» WHAT YOU WILL DO
Please, starting at the line that contains "- rss값이 최소가 되도록 회귀계수 w0, w1을 조정하는것이 => 학습", reproduce every line exactly until the records run out, skipping all pictures.

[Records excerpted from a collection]
^^^^^^^^
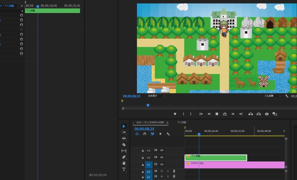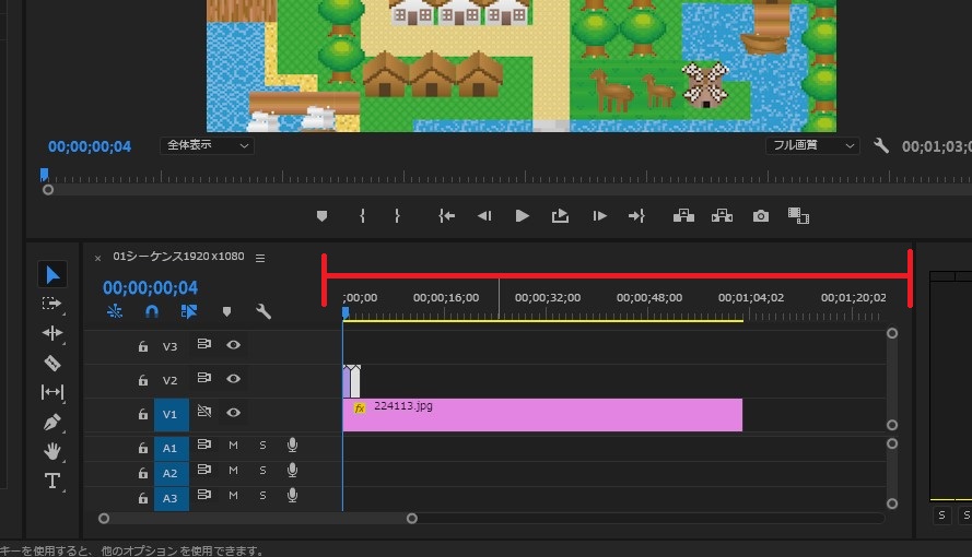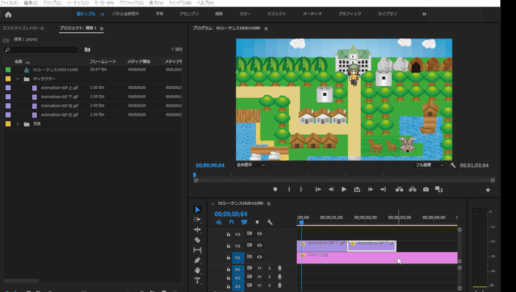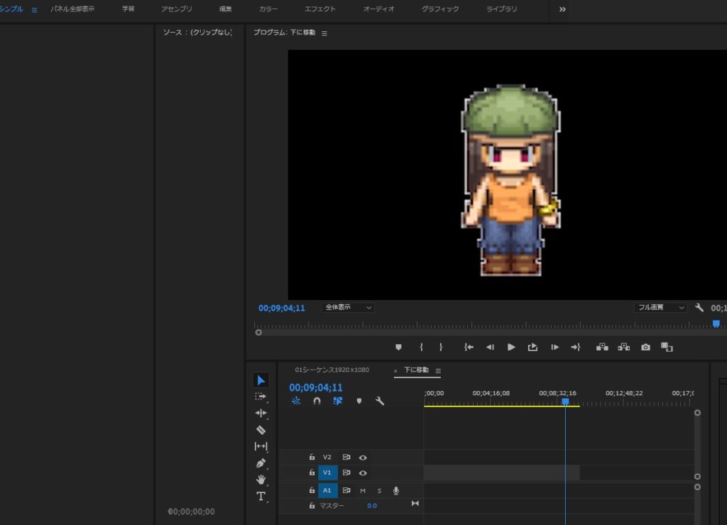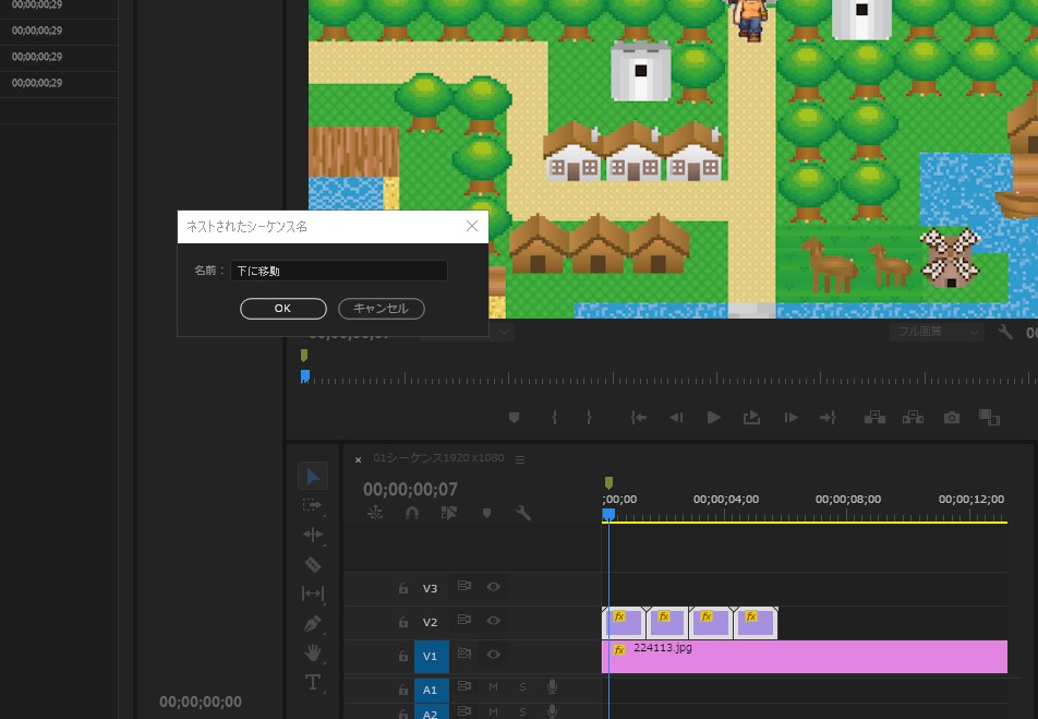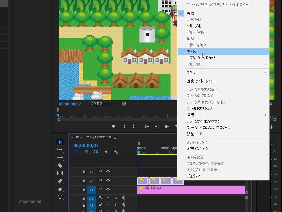 ひとまず、突っ込んだクリップ(キャラクターの方のトラック)を選択して、右クリック>「シーケンスのネスト」化します。
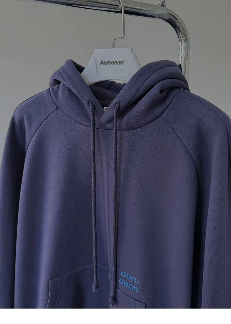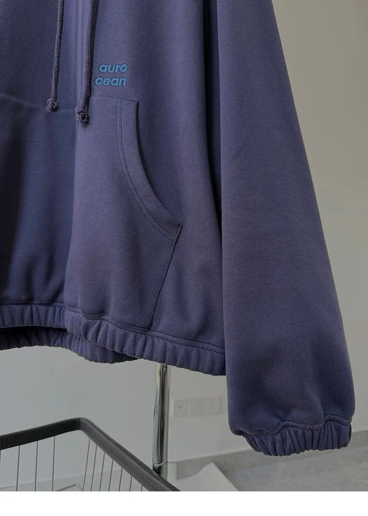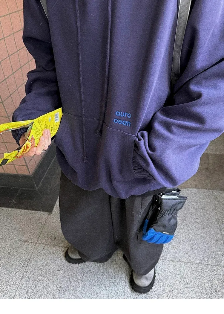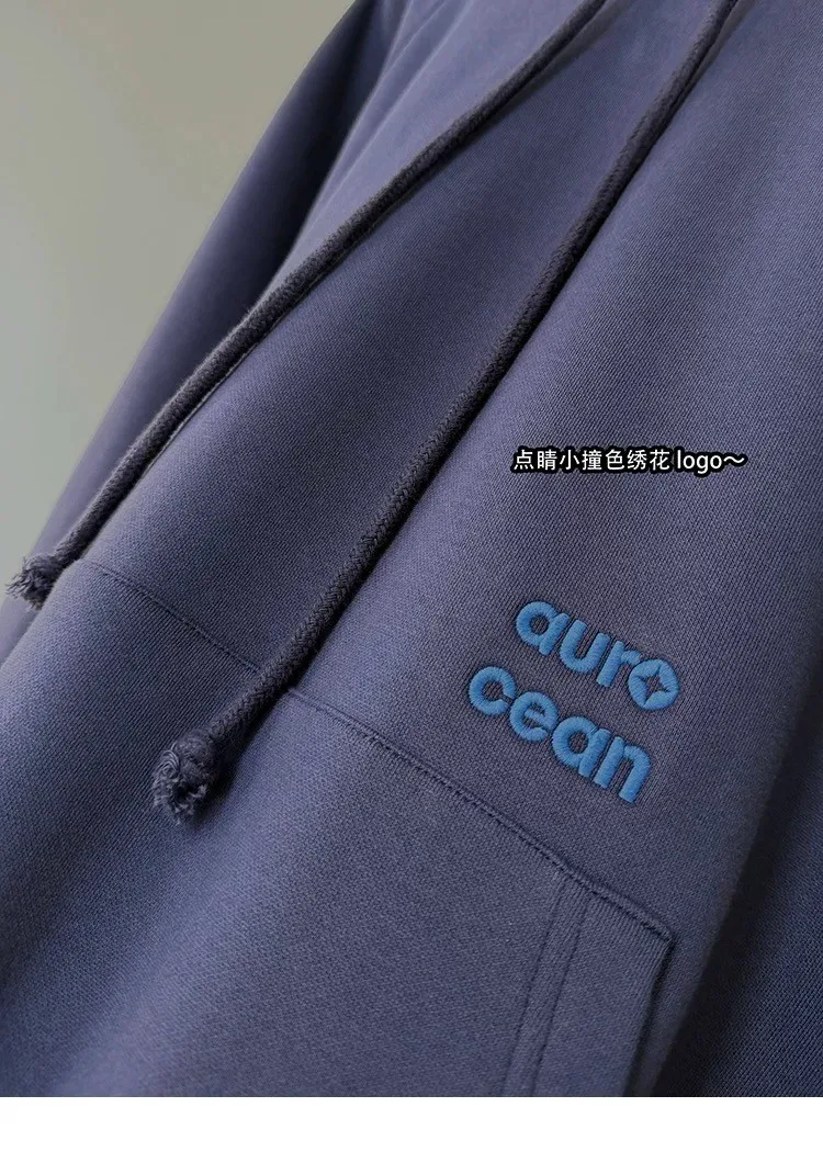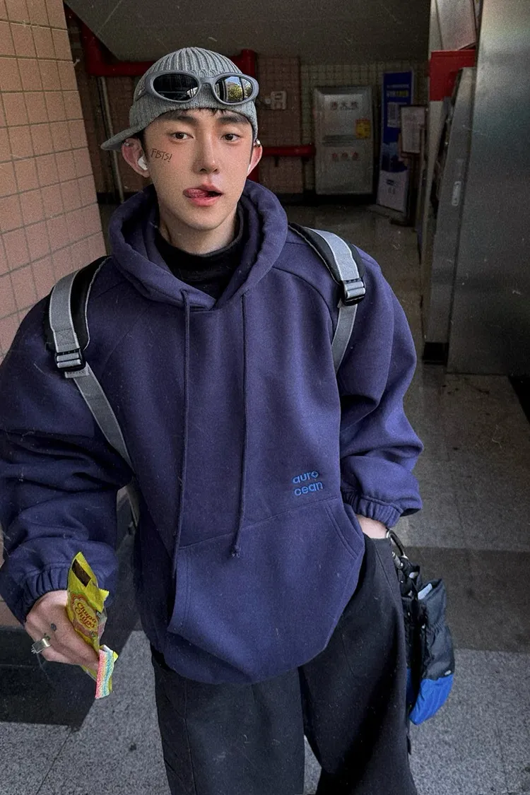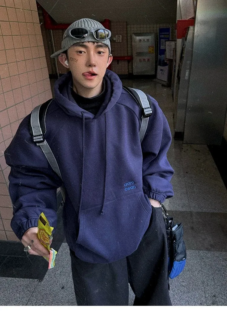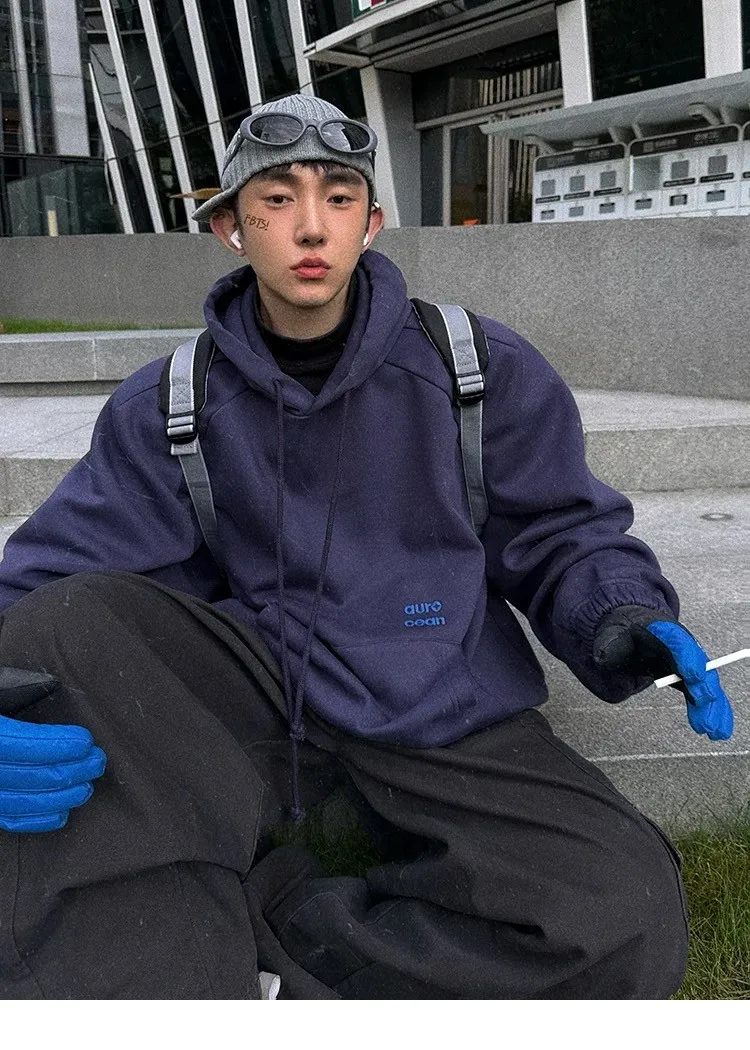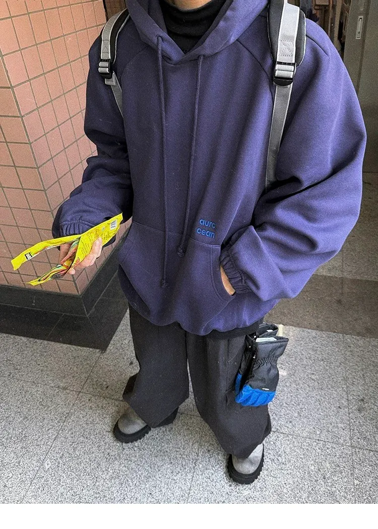 AUROCEAN 運動少年 中長款 廓形加厚 連帽外套(黑色)
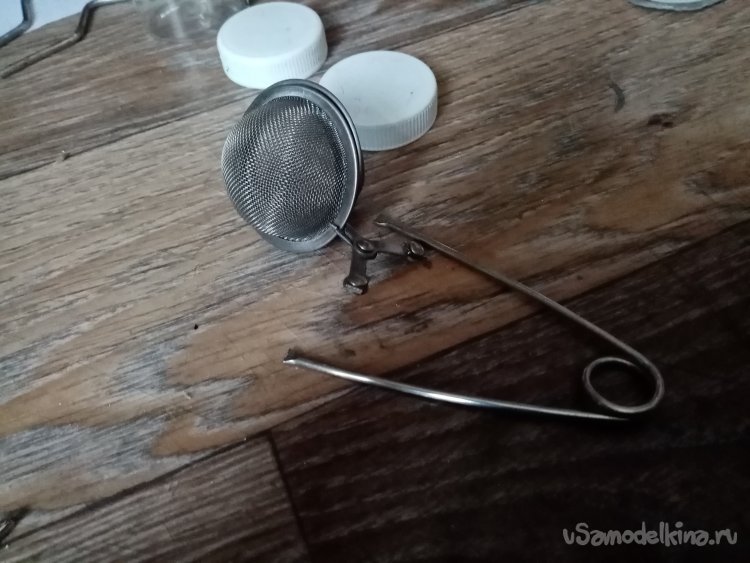 Нужна еще одна баночка с более мелкой сеточкой. Пошарившись по углам извлекаю заварочную ложечку. Хорошая, мелкая сетка. Диаметр как раз подходит по место во флокаторе. Для гарантии примеряю. Все соответствует.
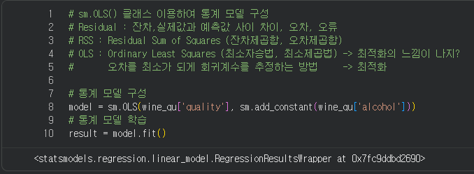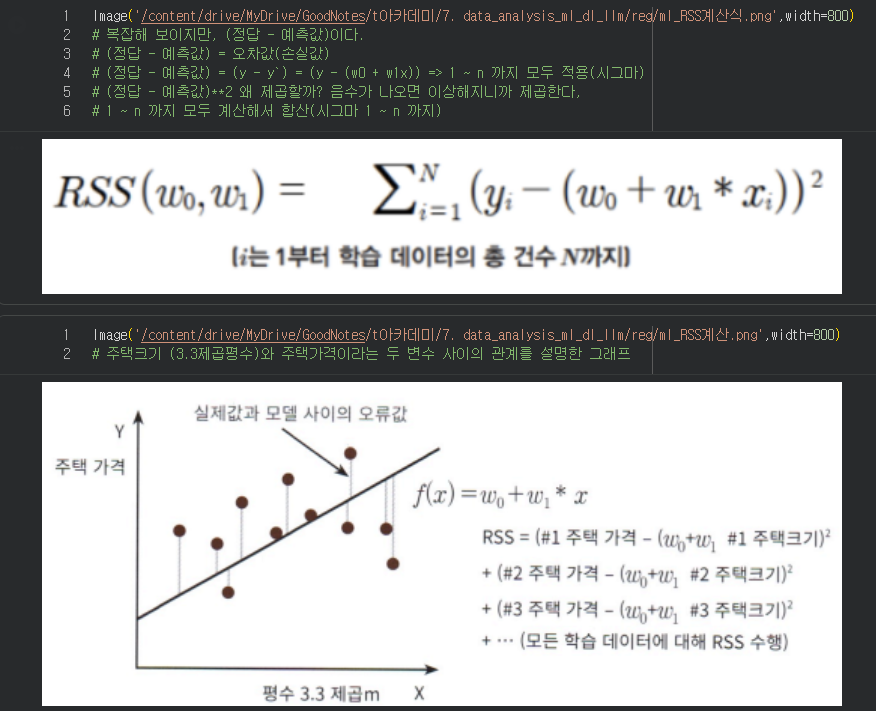 - rss값이 최소가 되도록 회귀계수 w0, w1을 조정하는것이 => 학습
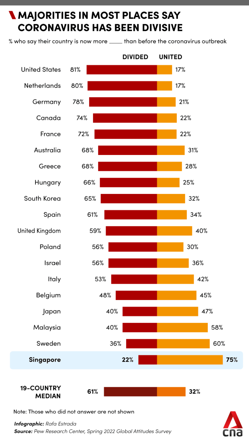 On the other hand, 75 per cent of the Singaporeans polled said their country was now more united than before the pandemic.
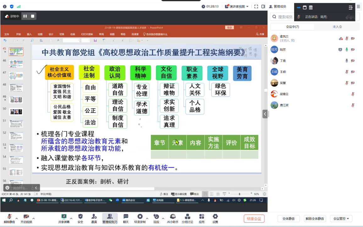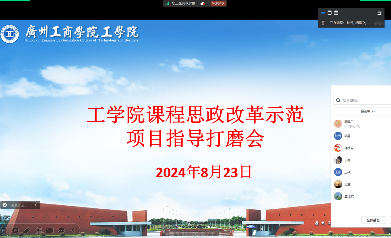 【本网讯】2024年8月23日晚上,工学院召开了课程思政示范项目线上指导打磨会,旨在进一步提升学院课程思政建设的质量与成效,为近期申报省级课程思政示范项目做准备。
^^^^^^^^
» RESPONSE AREA
 - rss값이 최소가 되도록 회귀계수 w0, w1을 조정하는것이 => 학습
 On the other hand, 75 per cent of the Singaporeans polled said their country was now more united than before the pandemic.
 【本网讯】2024年8月23日晚上,工学院召开了课程思政示范项目线上指导打磨会,旨在进一步提升学院课程思政建设的质量与成效,为近期申报省级课程思政示范项目做准备。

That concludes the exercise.